Sharks are not the only marine creatures that may end up improving our lives if we learn how to imitate them. The German Aerospace Centre recently completed a rotor blade efficiency study connected to humpback whales, which have bumps on the front edge their pectoral fins that increase their buoyancy. Mimicking this shape on a rotor blade can counteract a phenomenon in helicopter flight called “dynamic stall” that increases turbulence and reduces their maneuverability.

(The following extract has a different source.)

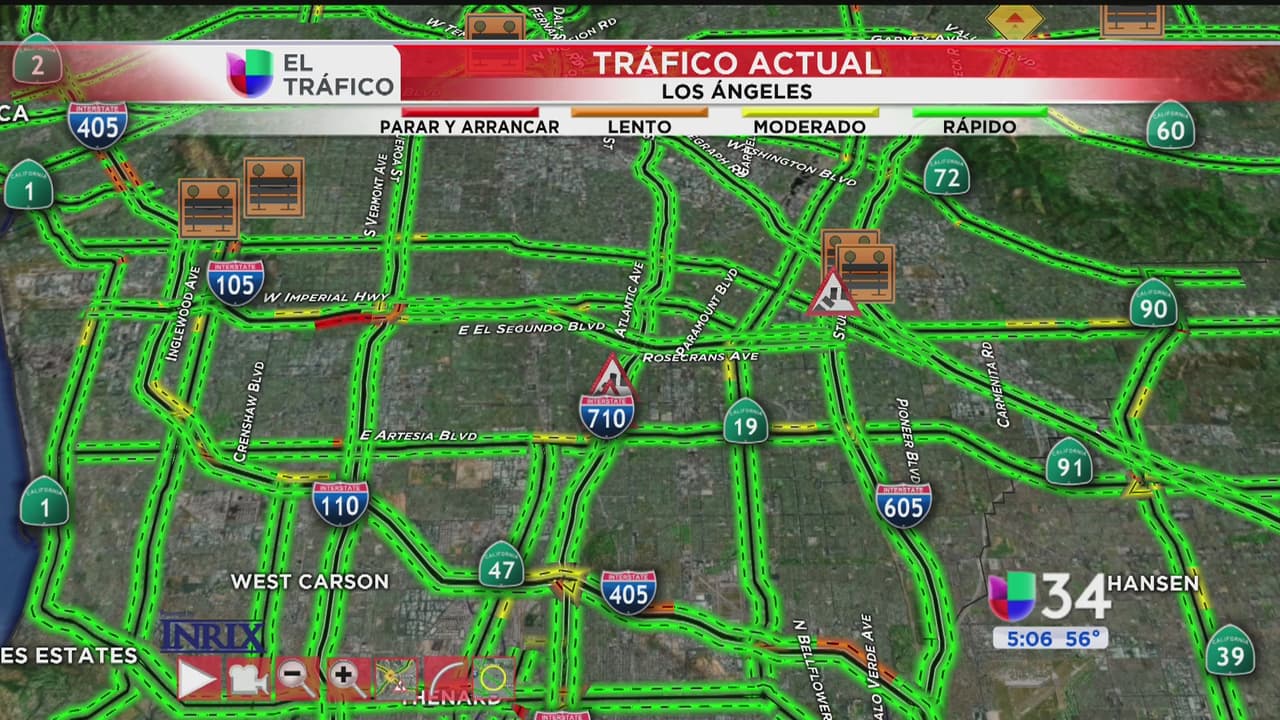 Un percance está paralizando por lo menos un carril de la 605 Sur a la altura del Boulevard Firestone afectando el tránsito en la zona. Recuerde evitar la 5 Sur en la zona de Santa Clarita.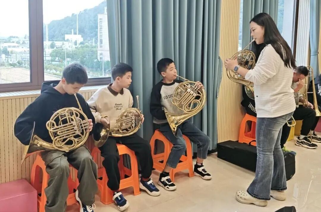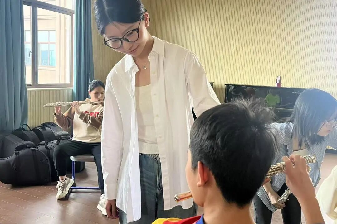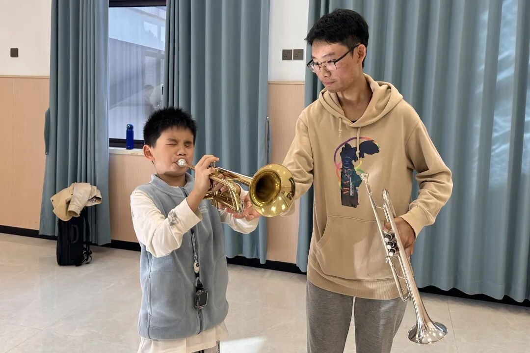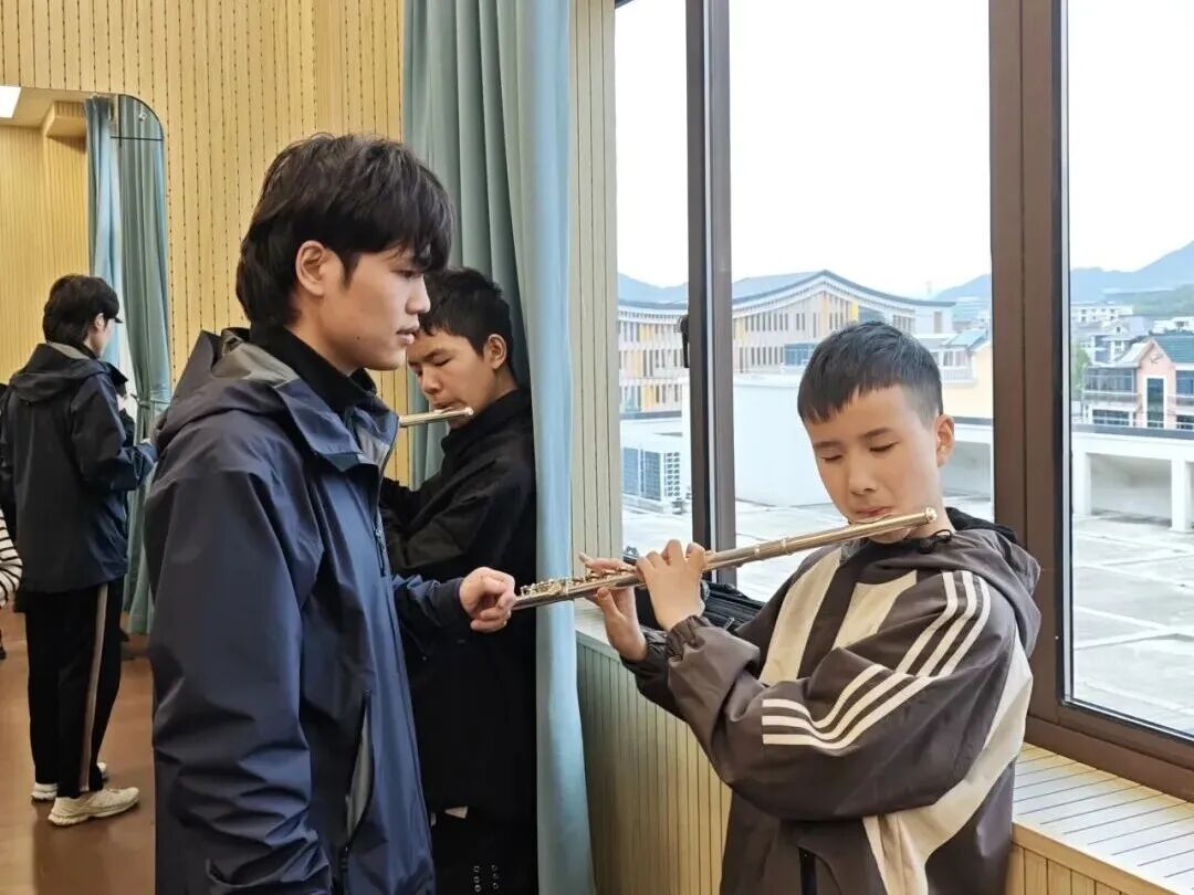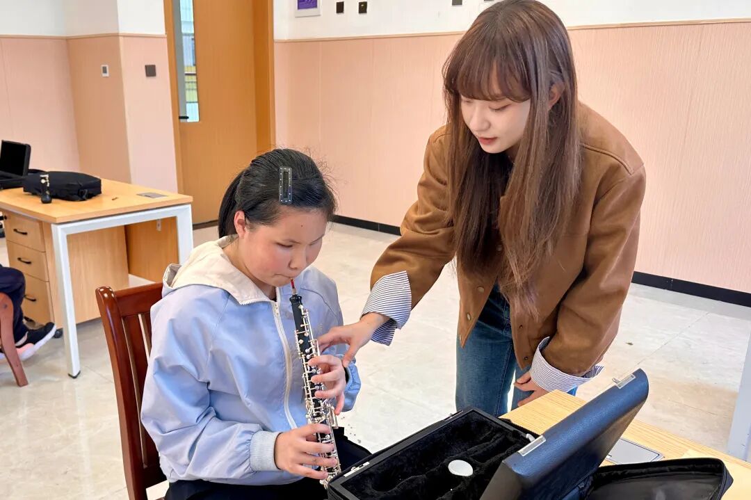 考虑到省盲校同学们的学习特点,大家特意放慢教学节奏,通过手把手的示范和耐心的听觉辨析指导。为了让同学们准确把握音准节奏,他们一边哼唱旋律,一边用手辅助调整演奏姿势;为了帮助纠正气息控制,他们贴近乐器倾听声音变化,逐句拆解演奏技巧。从乐器基础构造的触摸认知,到感受发声位置、吹奏乐器的气息角度、简单旋律的反复练习,每一个教学环节都凝聚着管弦学子的用心,让省盲校同学们在听觉与触觉的双重感知中,逐步解锁音乐的无限可能。管弦系的学子们在教学中学会了换位思考,用更包容、更耐心的态度对待每一个求知的心灵;而省盲校同学们坚韧不拔的学习精神,也深深感染着每一位浙音学子,让大家更加懂得珍惜与感恩。

Not all of these developments will translate into sustainable business practices, of course, and there’s a danger to overhyping the potential here. Dayna Baumeister, co-founder of Biomimicry 3.8, wonders whether inventors will continue to be friends of the environment once their products are on the market. We could imitate the whales and then hunt them as soon as we perfect our rotor blades, or make sharks’ fins into soup once we develop cancer-fighting drugs inspired by them.

But maybe we’re a little smarter than that, even if we lack armored skin and electroreception.